What Does it Mean to “Raise the Bar” for Entry Into the Teaching Profession?

In a report last spring, Ashley LiBetti Mitchel and I wrote that there’s simply no magic cocktail of teacher preparation program requirements or personal characteristics that will guarantee someone becomes a great teacher.

Since we wrote that report, there’s been even more evidence showing the same thing. I like pictures, so I’m going to pull some key graphics to help illustrate one basic point: There’s really no definitive way to tell who’s going to be a good teacher before they start teaching.

First, there’s a lot of interest in “raising the bar” for the teaching profession. It’s not clear what this means exactly, but at root it implies that if we could somehow just recruit better people to become teachers, then “poof!” we’d have better teachers. “Better” can be defined in multiple ways, but 46 states and the District of Columbia use some form of the Praxis assessments to set a minimum bar for entry into the teaching profession. The “Praxis I” was a set of assessments focused on reading, writing, and mathematics content, and a 1999 analysis found its questions were roughly as difficult as what we ask of most high schoolers. The “Praxis II” encompasses a wide variety of subject-specific tests. The tests have been renamed, but most states still require teachers to pass the successors of the original Praxis tests.

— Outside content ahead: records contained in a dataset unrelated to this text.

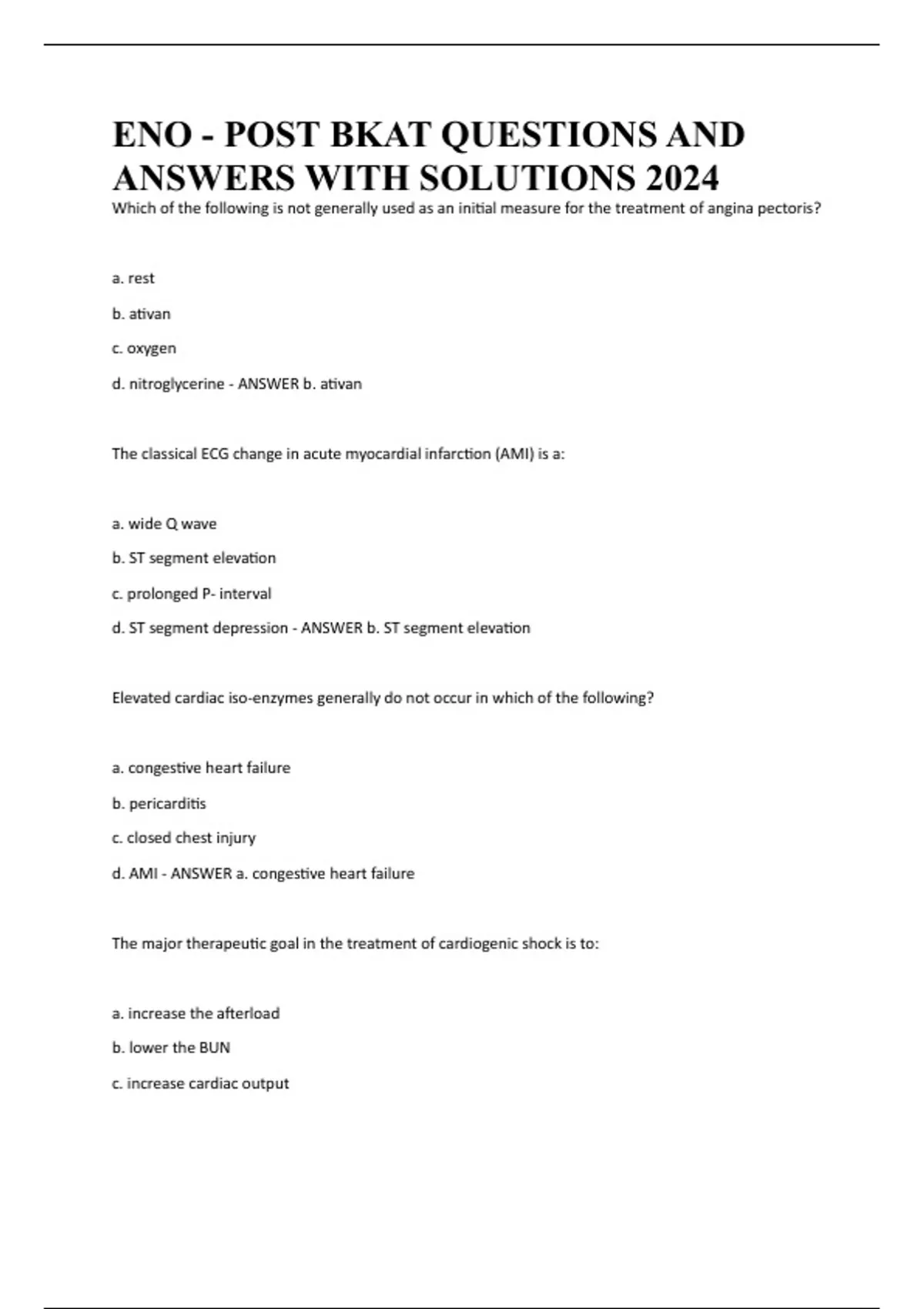 ENO - POST BKAT QUESTIONS AND ANSWERS WITH SOLUTIONS 2024
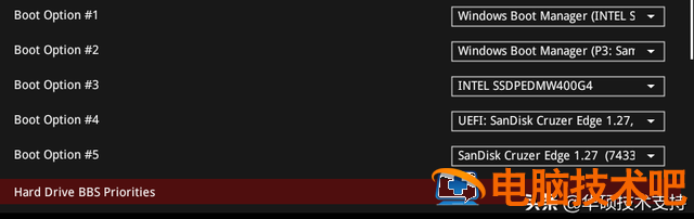 你需要这样做boot这个页面,右边的滚动条向下拉,你会看到一个非常重要的选项Hard Drive BBS Priorities,切换意味着硬盘BBS属性】:放一个完整的页面图:点击我们可以看到我们收到的所有硬盘信息,里面也需要调整顺位在这里,你可以完全看到我们连接的所有硬盘假如你想用WDC如果开头的硬盘是第一次启动,可以直接点击,直接选择【P1:WDC。。】这个硬盘是第一位调整后,我们可以看到boot option我们要选择的位置是WDC硬盘然后我们再看一遍boot option下的硬盘有哪些可调整的:看完整的清单,这里会有所有的硬盘信息,包括sata接口的WDC和Samsung固态硬盘,此时选择可启动硬盘。选择要打开的硬盘,然后按键盘F10,再按Enter按键,保存BIOS这样就可以设置了。
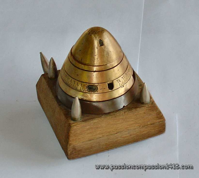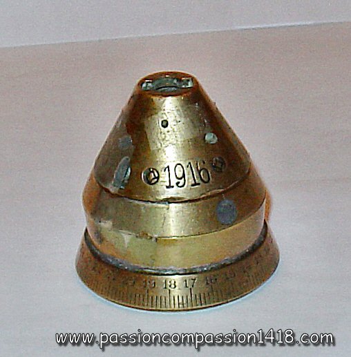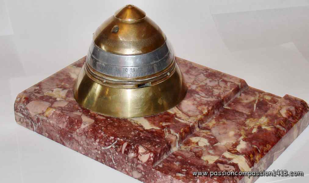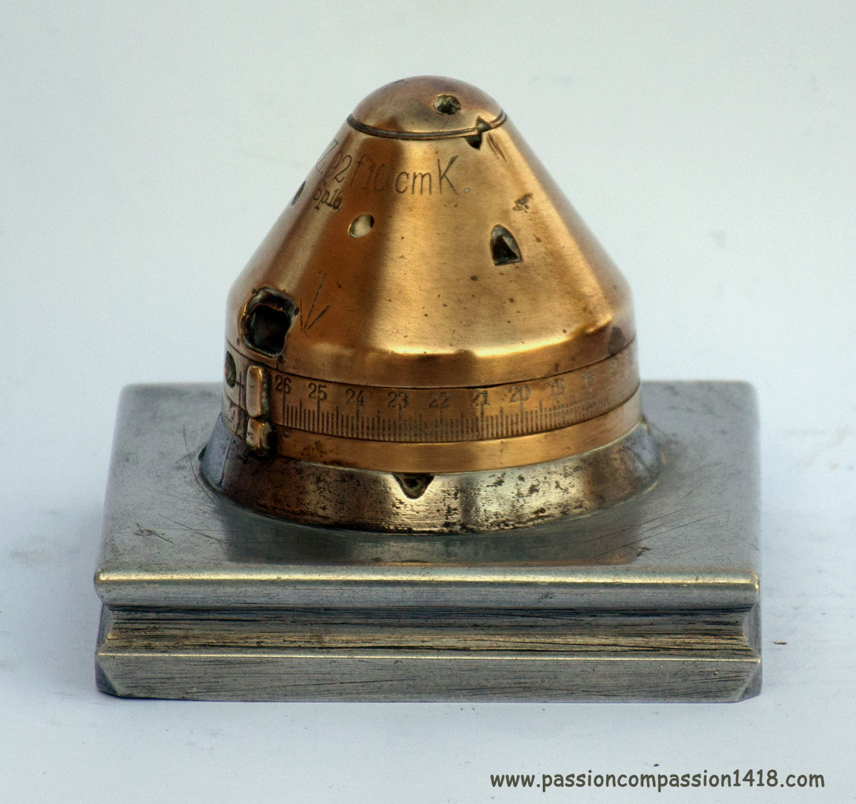 Ce presse-papier est fabriqué sur base d'une fusée turque à double effet pour canon de 75mm M 1903 de fabrication allemande.
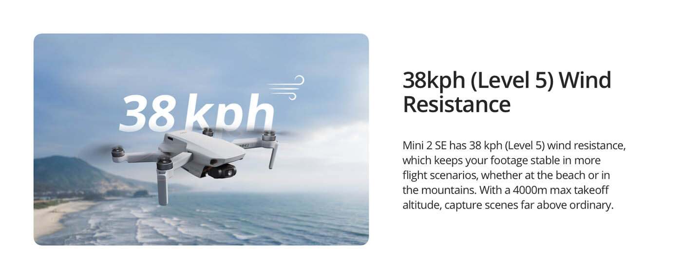 Mini 2 SE flies steady and reliably and keeps your footage stable even when flying in environments with level-5 winds, up to 38kph.
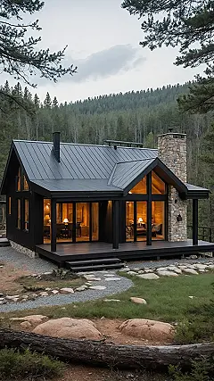 Lost in the woods? Nah, you just found the coolest spot to hide from your homework! This isn’t your grandpa’s dusty old shack; this sleek, dark cabin pops right out of a design magazine, nestled perfectly among those super tall trees. With its big, bright windows and modern angles, it looks like it’s saying, “Yeah, I live in the forest, but I also have excellent Wi-Fi and probably a fancy coffee maker.” It’s the kind of place where you expect to see a deer photo-bombing your selfie because the cabin is just that inviting.
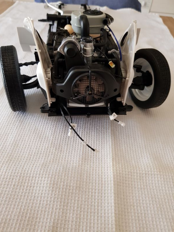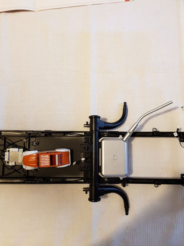 Suspension arrière et tube de remplissage du réservoir (ce dernier sera installé lors d'un prochain fascicule)
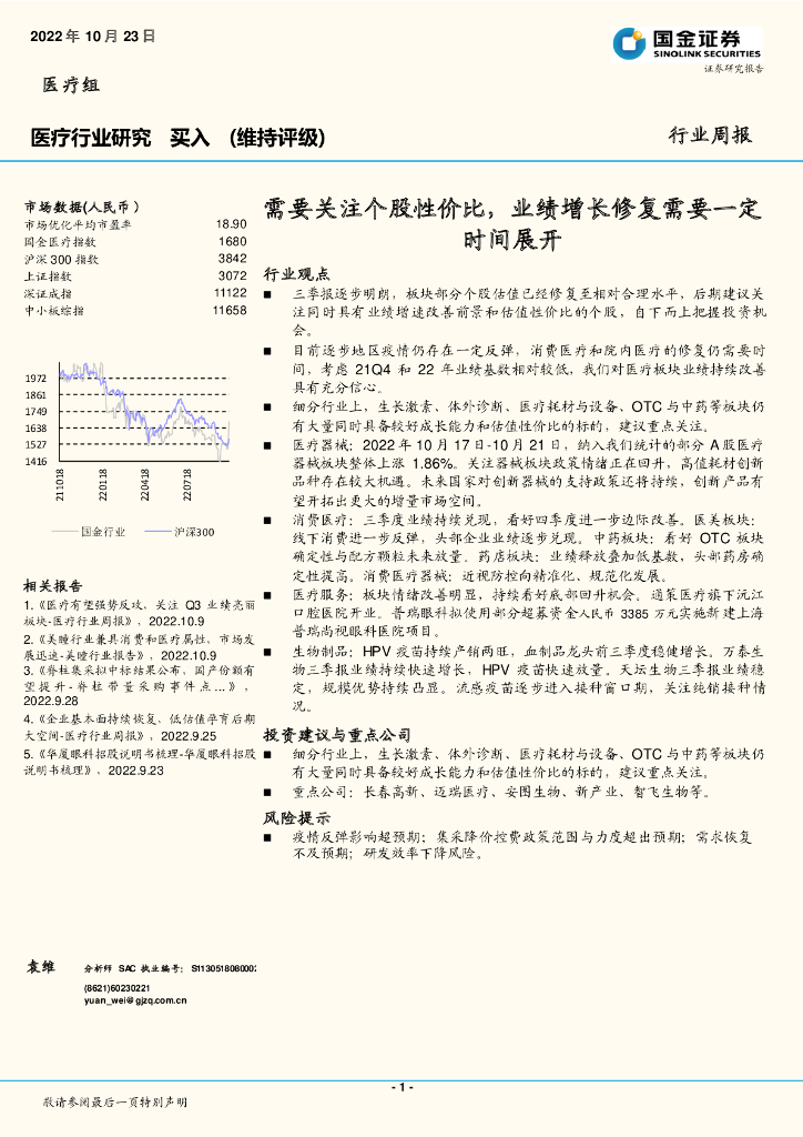 国金证券:医疗行业研究:需要关注个股性价比,业绩增长修复需要一定时间展开.pdf
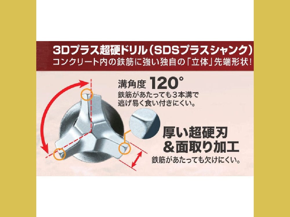 ・鉄筋が当たっても3本溝で逃げ易く食いつきにくい。
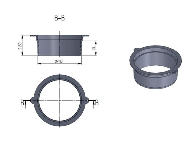 Применяется для организации подключения низкопрофильных пластиковых лотков к трубной канализации типоразмера DN110 в вертикальном направлении.
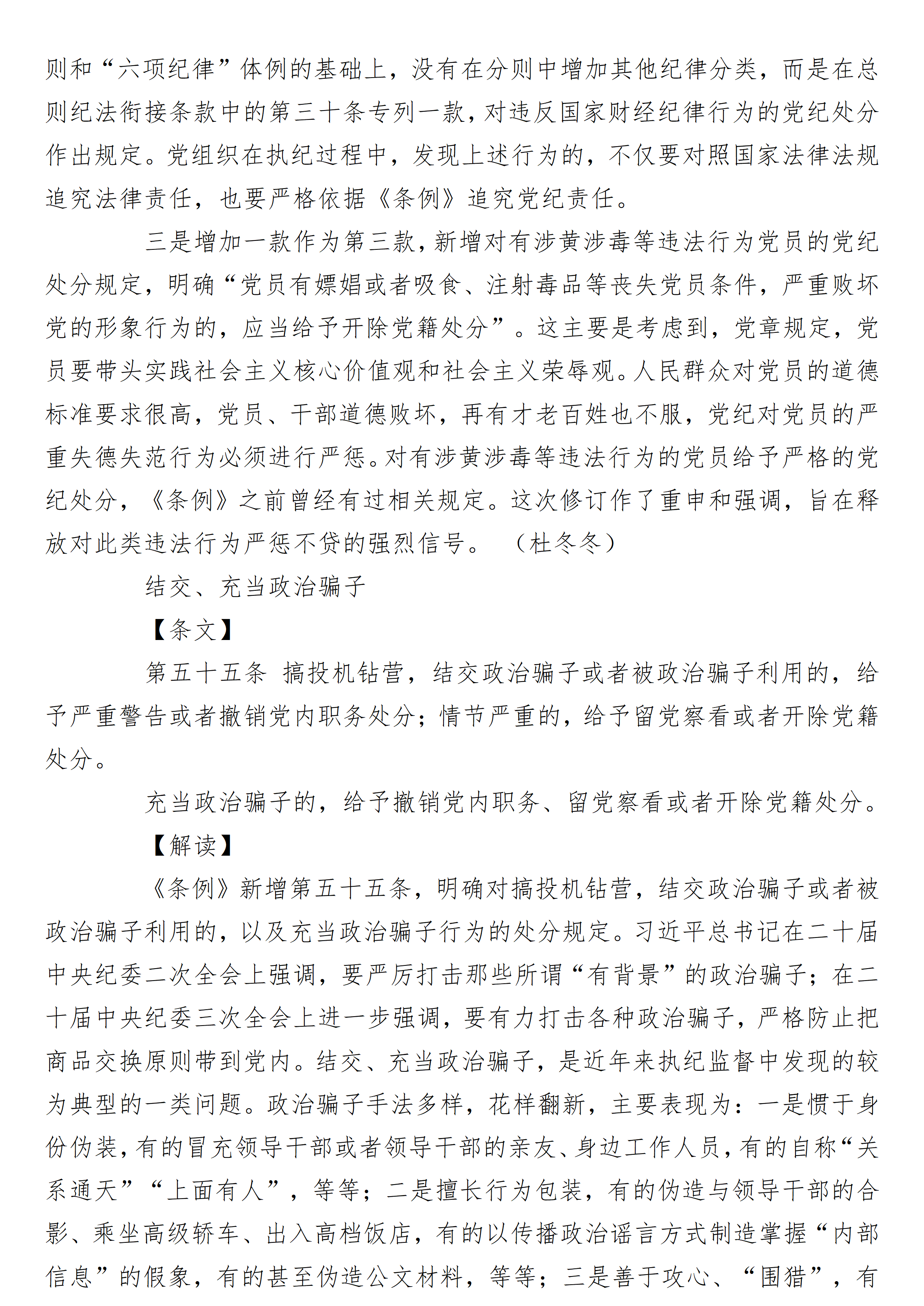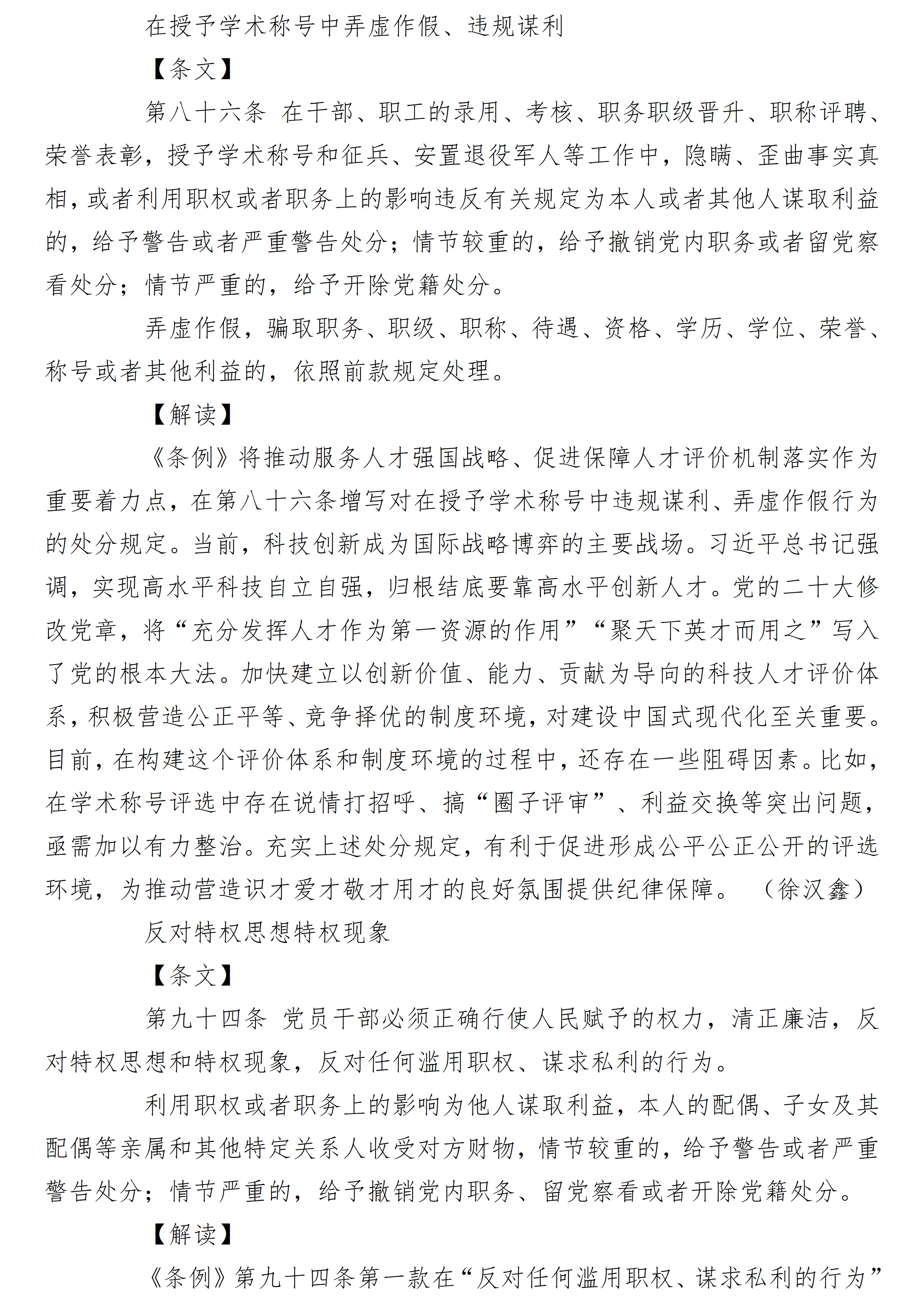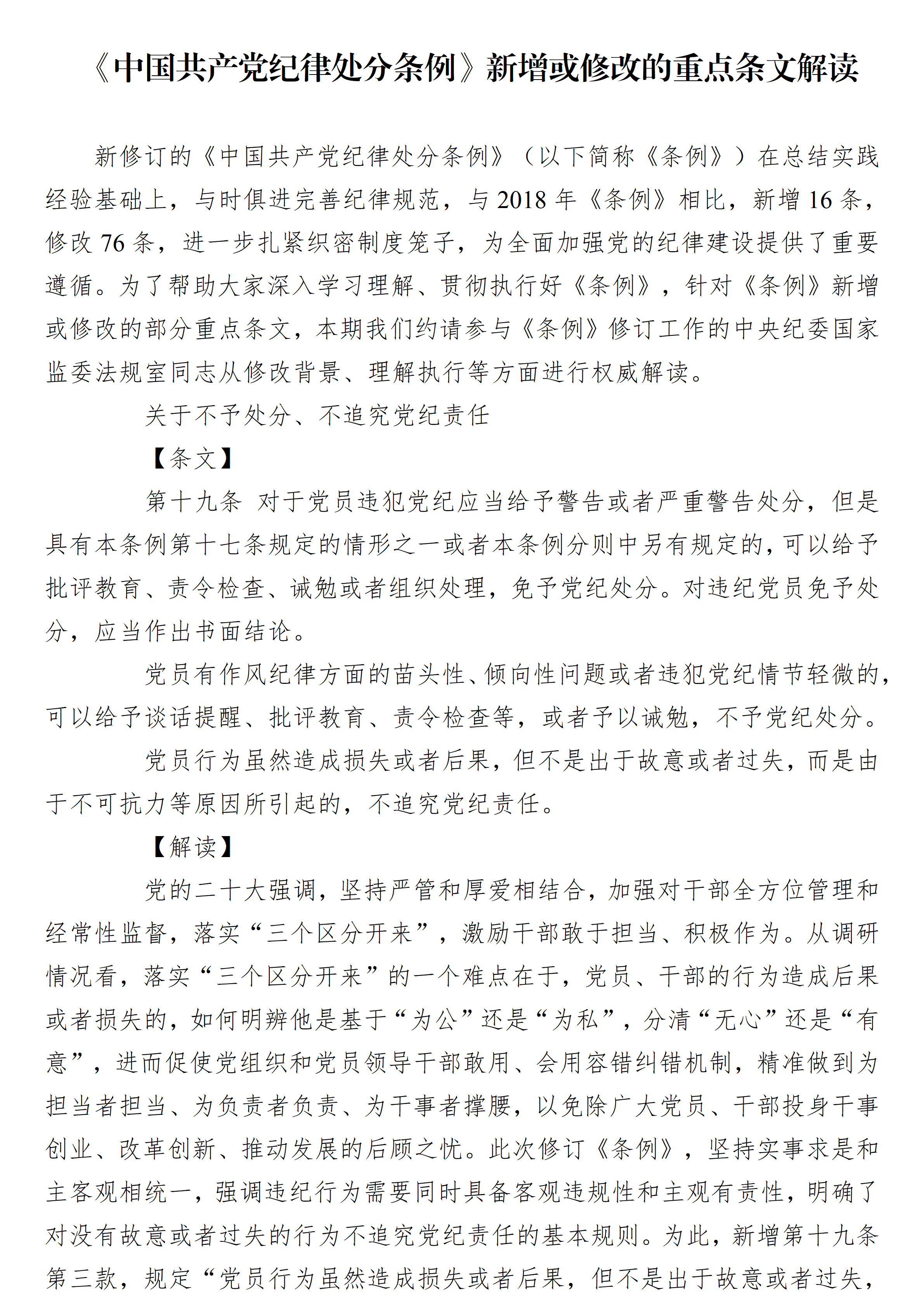 《中国共产党纪律处分条例》新增或修改的重点条文解读

The Praxis tests have been in place for a number of years and have been taken by millions of teachers. Some teacher candidates didn’t score very well on it, so the Praxis tests have kept lots of teachers out of the profession. Does that mean they would have been bad teachers?

Not necessarily. Some low-scoring teachers make it into the teaching profession through waivers, and states have set different passing scores on the Praxis. Researchers have exploited those variations to see whether those minimum passing scores matter.

The graph below shows the results of one of those studies, a recent report from James Shuls for the Arkansas Center for Research in Economics. Every dot represents one teacher. The x-axis shows their Praxis I math scores, and the y-axis shows their value-added scores in teaching math in Arkansas schools. Shuls has inserted two vertical bars, one representing Arkansas’ Praxis passing score as of 2010 (the solid bar on the left), and the other representing a higher passing score used by Louisiana.

Should Arkansas “raise the bar” to match Louisiana? That’s not really clear. They’d block some lower-performing teachers from ever becoming teachers, but they’d also lose out on lots of teachers who perform about average or above average. Mostly, they’d just be limiting the supply of new teachers with no real effect on average teacher quality.

Arkansas Praxis graph

It’s hard to tell from the graph, but, from a purely statistical perspective, teachers who perform better on the Praxis math are, on average, better math teachers. But the differences are tiny, and there is wide variation at nearly every score. Some great teachers score poorly on the Praxis, and some poor teachers score well. A few years ago Dan Goldhaber found nearly the same thing when looking at North Carolina Praxis test-takers.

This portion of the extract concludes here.